• _ACTION ITEM_: Within the lines below, the span from the line with "2002 में मुंबई" to the line with "これで【kintoneにレコ", both ends included, is to be reproduced exactly, with pictures omitted.

• _EXERCISE DATA_:
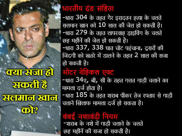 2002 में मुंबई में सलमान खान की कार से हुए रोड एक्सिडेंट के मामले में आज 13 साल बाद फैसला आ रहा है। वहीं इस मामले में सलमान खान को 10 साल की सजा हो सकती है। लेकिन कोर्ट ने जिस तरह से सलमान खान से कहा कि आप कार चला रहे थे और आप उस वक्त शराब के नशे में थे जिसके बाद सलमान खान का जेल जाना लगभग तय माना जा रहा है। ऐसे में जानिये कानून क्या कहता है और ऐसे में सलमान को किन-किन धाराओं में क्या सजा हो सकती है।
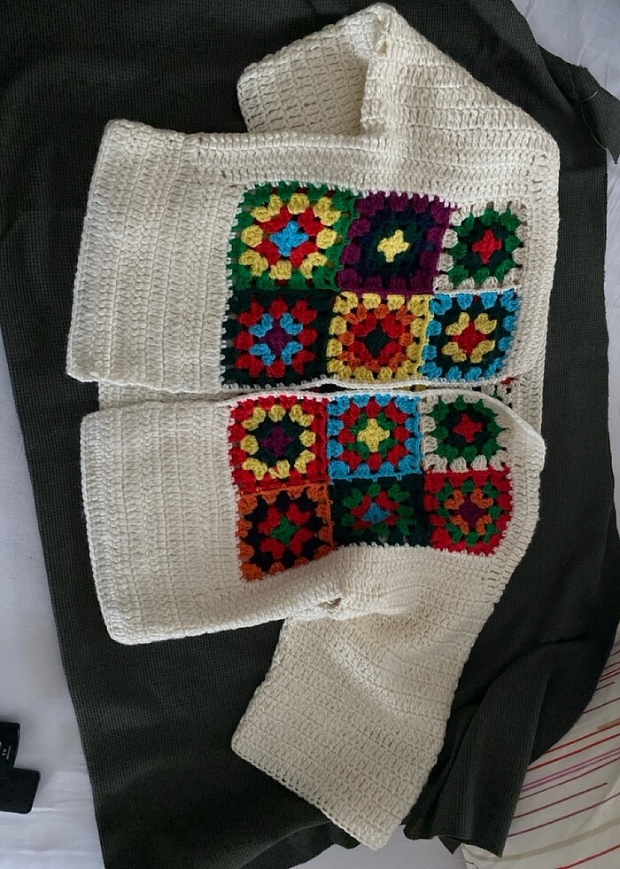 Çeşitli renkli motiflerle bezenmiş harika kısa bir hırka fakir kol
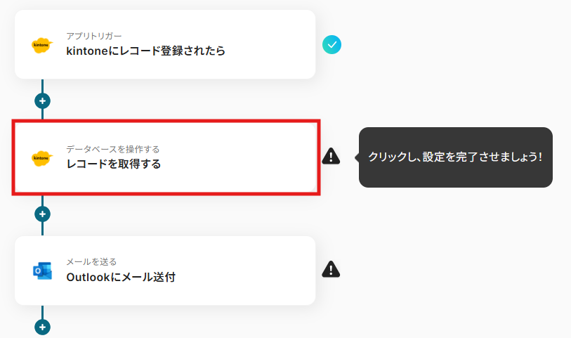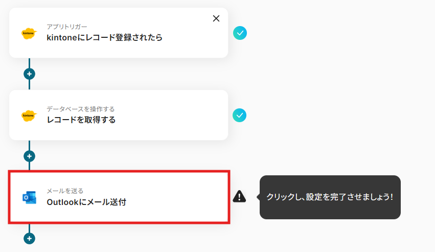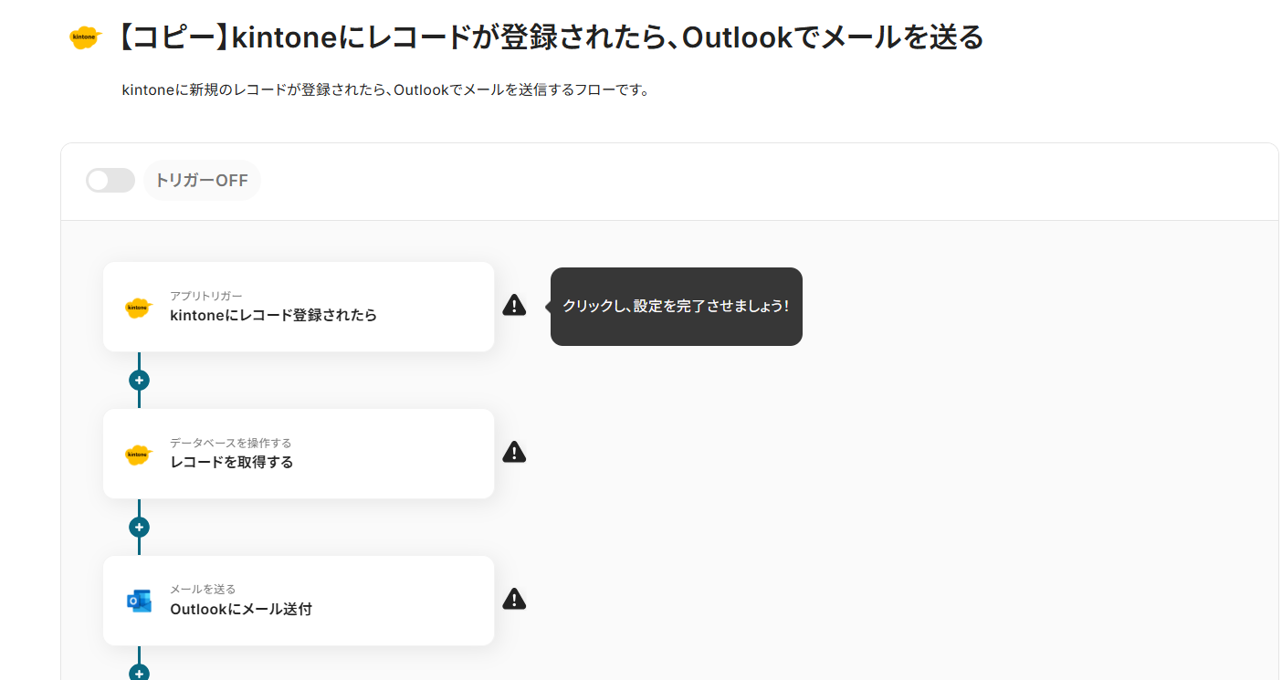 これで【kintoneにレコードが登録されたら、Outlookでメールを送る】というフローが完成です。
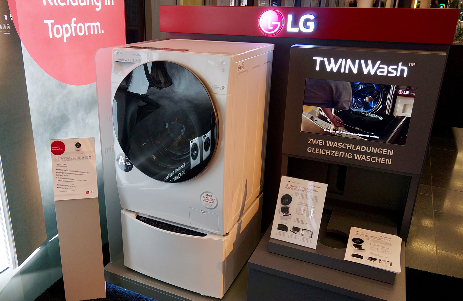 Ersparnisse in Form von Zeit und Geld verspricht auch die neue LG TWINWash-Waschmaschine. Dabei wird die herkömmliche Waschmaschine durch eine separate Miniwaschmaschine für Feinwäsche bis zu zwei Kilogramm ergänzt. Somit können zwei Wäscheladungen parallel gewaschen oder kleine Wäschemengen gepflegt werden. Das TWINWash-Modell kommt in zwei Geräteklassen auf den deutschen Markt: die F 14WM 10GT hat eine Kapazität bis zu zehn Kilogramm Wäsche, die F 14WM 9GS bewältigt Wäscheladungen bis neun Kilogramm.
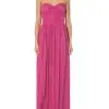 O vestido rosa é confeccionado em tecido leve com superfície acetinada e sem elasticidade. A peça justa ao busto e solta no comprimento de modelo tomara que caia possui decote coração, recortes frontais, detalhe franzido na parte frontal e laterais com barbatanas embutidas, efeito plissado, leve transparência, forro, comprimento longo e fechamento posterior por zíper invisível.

--

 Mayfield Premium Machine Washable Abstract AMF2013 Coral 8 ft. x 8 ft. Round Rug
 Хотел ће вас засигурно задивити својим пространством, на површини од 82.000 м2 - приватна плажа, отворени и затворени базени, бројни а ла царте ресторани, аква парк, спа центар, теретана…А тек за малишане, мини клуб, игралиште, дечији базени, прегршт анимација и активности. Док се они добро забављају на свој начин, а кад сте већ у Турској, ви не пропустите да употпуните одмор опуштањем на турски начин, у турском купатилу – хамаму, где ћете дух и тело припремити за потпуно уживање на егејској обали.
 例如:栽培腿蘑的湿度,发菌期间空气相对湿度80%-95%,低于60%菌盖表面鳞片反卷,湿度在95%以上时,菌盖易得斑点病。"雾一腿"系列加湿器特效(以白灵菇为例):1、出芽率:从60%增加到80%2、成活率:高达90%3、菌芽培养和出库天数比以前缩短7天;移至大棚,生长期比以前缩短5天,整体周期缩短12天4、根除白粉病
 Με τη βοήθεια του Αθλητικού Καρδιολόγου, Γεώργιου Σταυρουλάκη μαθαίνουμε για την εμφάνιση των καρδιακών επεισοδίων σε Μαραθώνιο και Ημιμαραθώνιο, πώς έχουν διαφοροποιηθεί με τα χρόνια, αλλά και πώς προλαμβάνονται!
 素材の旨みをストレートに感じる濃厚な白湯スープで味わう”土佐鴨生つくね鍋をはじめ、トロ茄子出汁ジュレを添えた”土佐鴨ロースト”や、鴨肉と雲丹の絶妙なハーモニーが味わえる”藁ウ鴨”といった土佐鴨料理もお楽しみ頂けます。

• _RESULT BELOW_:
 2002 में मुंबई में सलमान खान की कार से हुए रोड एक्सिडेंट के मामले में आज 13 साल बाद फैसला आ रहा है। वहीं इस मामले में सलमान खान को 10 साल की सजा हो सकती है। लेकिन कोर्ट ने जिस तरह से सलमान खान से कहा कि आप कार चला रहे थे और आप उस वक्त शराब के नशे में थे जिसके बाद सलमान खान का जेल जाना लगभग तय माना जा रहा है। ऐसे में जानिये कानून क्या कहता है और ऐसे में सलमान को किन-किन धाराओं में क्या सजा हो सकती है।
 Çeşitli renkli motiflerle bezenmiş harika kısa bir hırka fakir kol
 これで【kintoneにレコードが登録されたら、Outlookでメールを送る】というフローが完成です。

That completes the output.